Por que estou cogitando essa ideia maluca? É claro que não faz sentido algum. Esse povo inventa um mito para cada coisa que não consegue explicar.
— É aqui, seus arrombados! — grita uma voz feminina e familiar do lado de fora.
E por falar em gritar e xingar...
Bram! A porta se abre com tanta violência que eu quase penso que é um demônio, um temor que se concretiza na figura de um ser de cabelos vermelhos, vestida com uma roupa verde, uma manta marrom sobre o ombro e uma fita vermelha a enfeitar seu pescoço.
— Professora! Que saudade! — exclama a demônia e, sem pestanejar, corre em minha direção com seus braços abertos, pronta para me agarra e me matar... de ódio. — Você é sempre tão quentinha... — Ela roça seu rosto contra o meu.
— Sai do meu corpo, demônio — digo, tentando de me desvencilhar da ruiva.
Estou feliz por vê-la curada e cheia de energia, mas ela não precisa saber disso.
— Não diga isso, Srta. Cintia. Seja legal comigo!
Enquanto sou atacada pelo ser demoníaco, outras pessoas entram na pousada. — Me solte, Alienor. Eu preciso atender os clientes... — só depois de dizer, percebo que há alguém que conheço entre eles. — Srta. Verônica? — pergunto.
— Boa tarde, Srta. Cintia — ela responde e acena com a mão discretamente, com um sorriso acanhado no rosto.
— Ah!
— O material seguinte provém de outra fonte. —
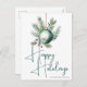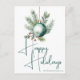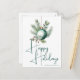 Cette superbe carte de Noël à typographie verte présente une belle aquarelle d'un ornement de fête et de feuilles de pin au-dessus d'une élégante écriture manuscrite indiquant Joyeuses Fêtes. Ces cartes de vœux modernes non photographiques sont un choix tendance et chic pour une famille élégante.
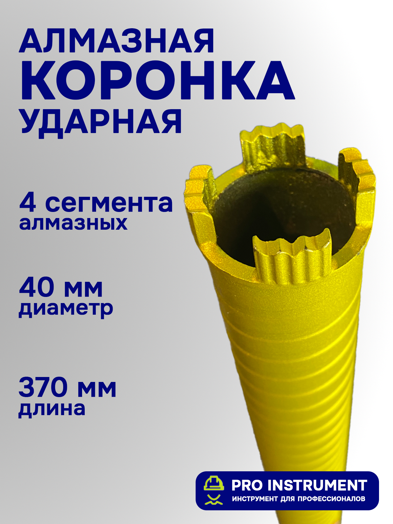 Коронка алмазная ударная, по бетону, диаметр 40мм, длина 370мм информация:
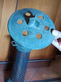 Antica stufa elettrica portatile di tipo tradizionale in ferro e ghisa prima metà 900. Base cilindrica forata e recipiente superiore con conperchio in ottime condizioni come da foto. Da collezione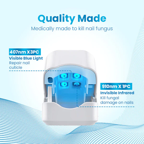 Blue light therapy is a medical method that uses a specific wavelength of blue light (470 nm) to treat nails. Blue light therapy involves exposing the nails to blue light, which penetrates the surface layer of the nail and causes a photodynamic response to the keratin in the nail. Through the photodynamic reaction, keratin combines with oxygen molecules and forms toxic free oxygen radicals that damage or kill bacteria and fungi around the nail. In addition, blue light has an antibacterial effect and can also reduce infections caused by inflammation, relieve redness, heat and pain symptoms at the inflammation site, and basically repair damage without side effects and drug resistance.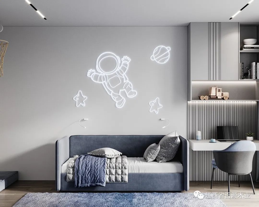 儿童房的设计往往不是一成不变的,随着孩子越长越大,对儿童房的诉求就会越来越高,在设计儿童房间初期时,应该在保证了收纳空间后,尽量留空。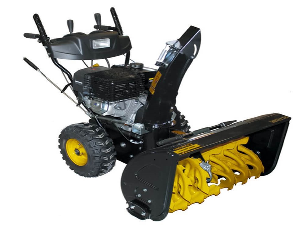 Снегоуборщик CHAMPION ST1376E с возможностью ручного или электрического запуска двигателя оснащен двухступенчатой системой выброса снега. Снегоуборочная машина оборудована бензиновым двигателем G340HE OHV CHAMPION мощностью 13 л.с. Снегоуборщик оснащен вместительным топливным баков объемом 6,5 л, что позволяет длительное время работать без дозаправки. Рабочая ширина захвата составляет 760 мм. Высота забора снега - 545 мм. 6 скоростей вперед и 2 назад позволяют выбрать оптимальный режим работы. Эргономичная рукоятка снегоуборщика снижает напряжение в руках пользователя, имеется обогрев рукояток. Угол выброса снега регулируется как вручную, с помощью рычага, так и дистанционно. Положение желоба также можно настроить при помощи специального рычага или дистанционно. Шнек изготовлен из качественной стали. Вес оборудования 121,5 кг.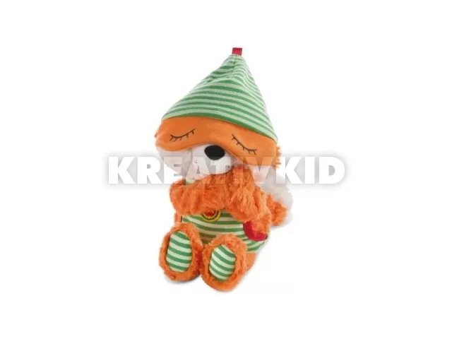 Nici: Finjo róka plüssfigura. A plüss sapkája a szemére húzható.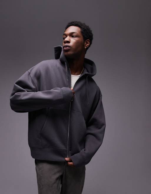 Topman - Sweat à capuche oversize à fermeture éclair - Anthracite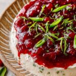 A vibrant and creamy 10-minute cranberry jalapeno dip featuring whipped dairy-free cream cheese, fresh jalapeños, red and green onions, and a layer of whole berry cranberry sauce. Perfect as a festive appetizer served with crackers or chips.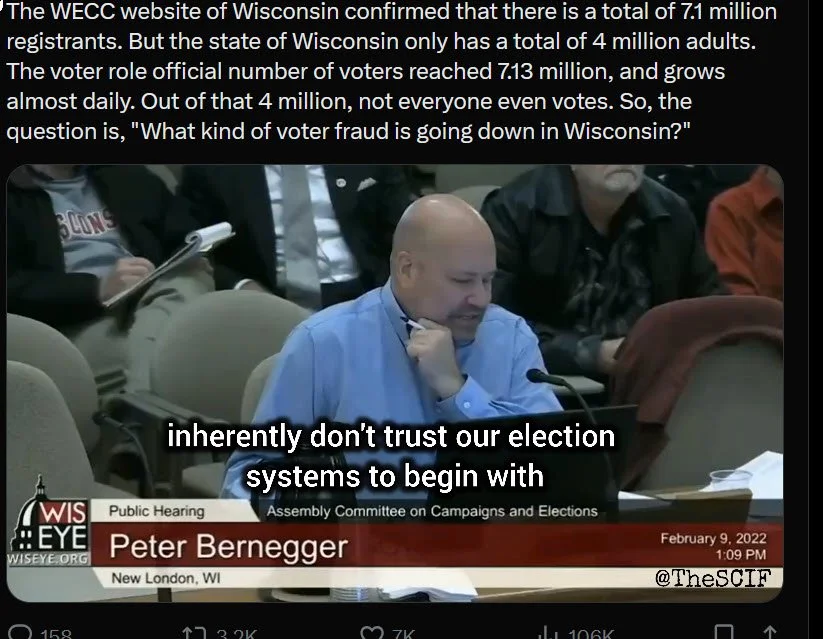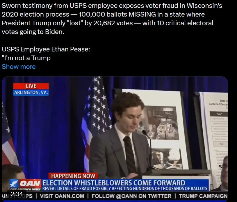 "I'm not a Trump supporter. I'm not a Biden supporter either, but something profoundly wrong occurred in Wisconsin during the Presidential election and the American people have a right to know about it!"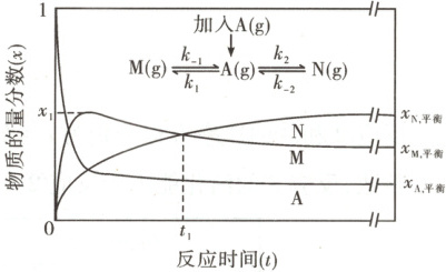 )A.该条件下$\frac{x_{N,平衡}}{x_{M,平衡}} = \frac{k_{−1}k_2}{k_1k_{−2}}$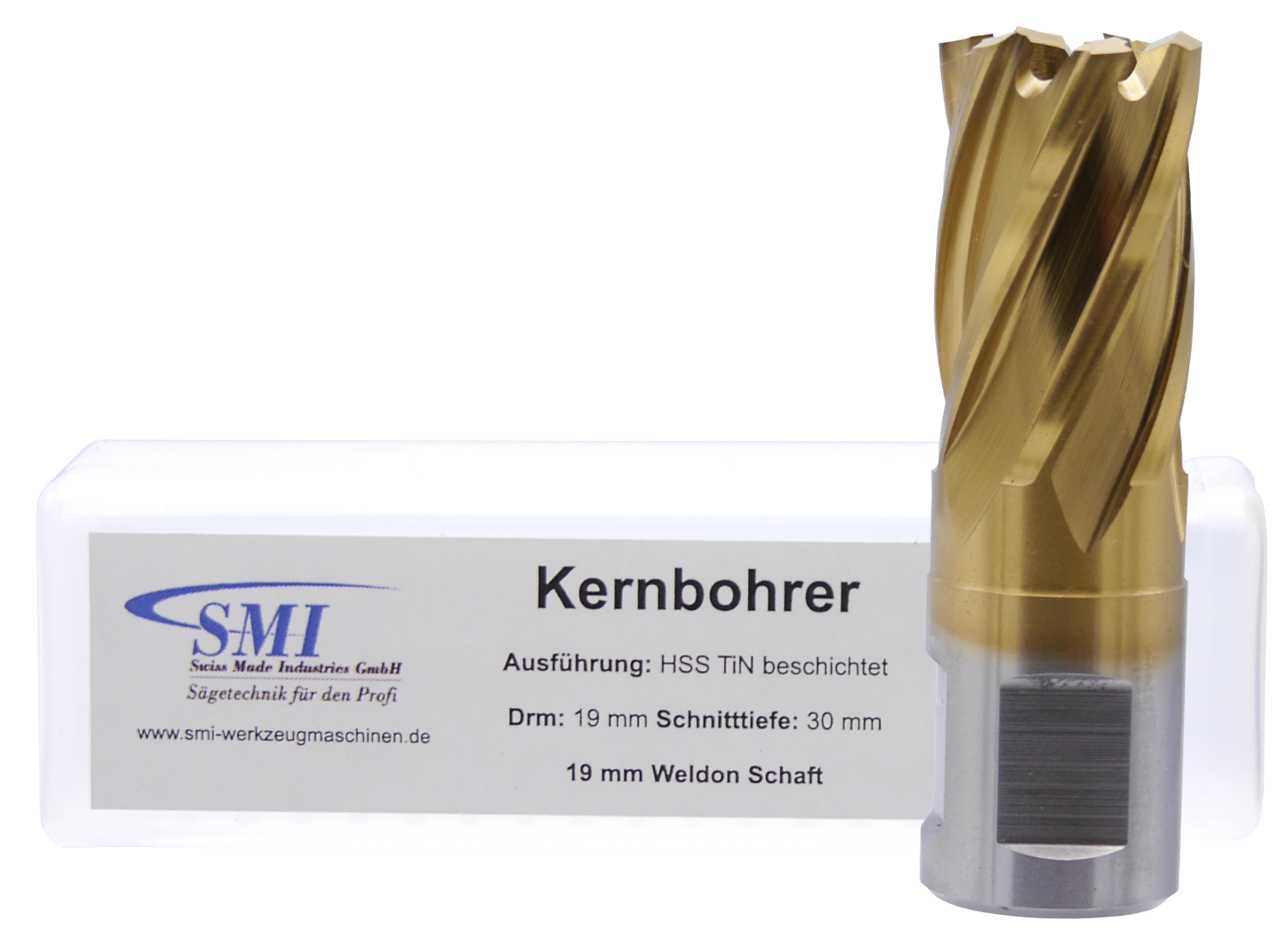 SMI HSS TIN Kernbohrer 19 mm Drm. 19 mm Weldon Aufnahme
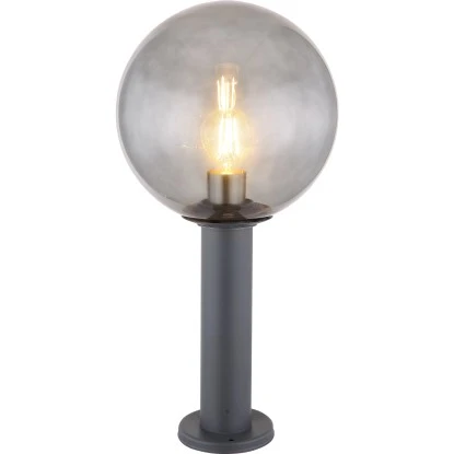Die Sockelleuchte aus der Hedwig-Serie von Globo mit einer Abmessung von Ø 25 cm überzeugt durch ihr schlichtes Design aus anthrazitfarbenem Aluminium-Druckguss. Die 50 cm große Außenleuchte kann durch ihren schlichten Sockel wunderbar auf ebenen Untergründen fixiert werden. Außerdem verfügt sie über eine rauchige Glaskugel, welche die E27-Fassung der Leuchte bedeckt. Die können Sie mit einem passenden LED-Leuchtmittel Ihrer Wahl bestücken, wodurch Sie die Möglichkeit haben, Lichtfarbe und Helligkeit individuell zu bestimmen. Durch weitere Artikel der gleichen Serie können Sie das Gesamtbild in Ihrem Außenbereich komplettieren.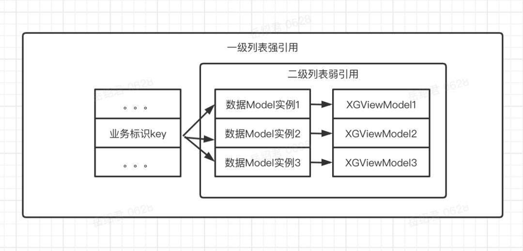 XGViewModel维护了通知给UI的弱引用回调合集。一个数据Model实例对应了一个XGViewModel。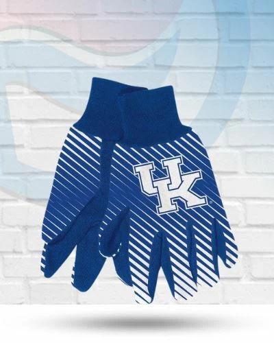 These Kentucky Wildcats Two Tone Striped Utility Gloves feature the colors and logos of your favorite team. The pair is officially licensed and constructed of heavyweight cotton twill with rubber grips on the palms. Great for working in your yard while you listen to the game or throw a pair in the car for those cold drives home!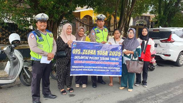 TEBING TINGGI (Sumut) ketikberita.com | Operasi Zebra Toba 2025 Polres Tebing Tinggi, Satgas II Preemtif dipimpin Kasatgas Iptu Supriyadi melaksanakan giat Dikmas Public Address dilokasi rawan laka lantas dan pelanggaran lalu lintas yang berlangsung di Jalan Sudirman dan Jalan SM Raja Kota Tebing Tinggi, Senin (24/11/2025).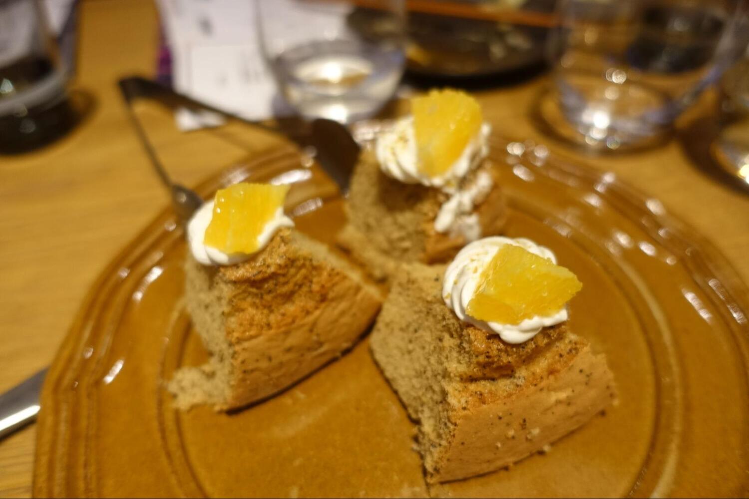 ちょうど2本目の口開けとなった冷えた「成龍然」とシフォンケーキを組み合わせると、さわやかなおいしさが口に広がります。シフォンケーキのアールグレイの柑橘の香りと「成龍然」の温和な旨味が重なり、食事やお酒を一通り楽しんだ口に、すっきりとした切り替えのタイミングを与えてくれました。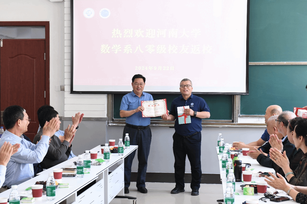 时光荏苒,岁月如梭,弹指一挥四十载。9月21日至22日,河南大学数学与统计学院80级校友四十余人从祖国四面八方重聚母校,参加毕业四十周年返校活动,共忆青春故事,共话师生情谊。学院党委书记曹志伟,院长韩小森,副院长杨一平、解俊山,教师代表刘秀英、李育生、刘建中等参加活动。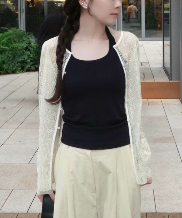 ベーシックなキャミソールに重ねるだけで、レディライクなスタイリングが完成。
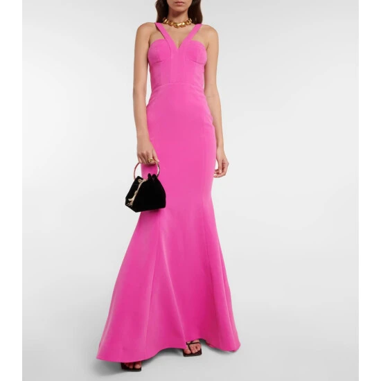 Now that you’ve RSVP’d, it’s time to decide what to wear: Rebecca Vallance’s Rosanna gown has our vote. The heavy crêpe fabrication lends it its shape: from the supportive, cupped bodice to the mermaid skirt.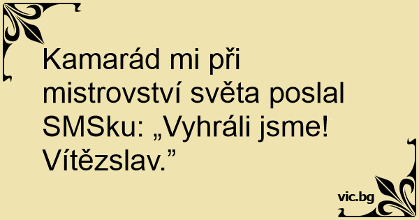 Kamarád mi při mistrovství světa poslal SMSku: „Vyhráli jsme! Vítězslav.”

É verdade, vocês já se conhecem — aduz Alienor e me solta de seus braços para me agarrar pela mão e me puxar até eles. — Venha cá, professora, que te apresentarei aos amigos que fizemos.
Amigos? Desde quando Alienor possui amigos?
— Essa aqui é a Kali — aduz a ruiva. — Ela é uma lumen selvagem que capturamos no meio da floresta.
— O quê?! — exclama a jovem garota, cujo rosto pálido logo fica tão vermelho quanto os cabelos de Alienor.
— Nossa, que garotinha linda você é — comento, ao passo que me aproximo mais de seus olhos esverdeados e das sardinhas de seu rosto. — Você não é muito jovem para sair da sua cidade?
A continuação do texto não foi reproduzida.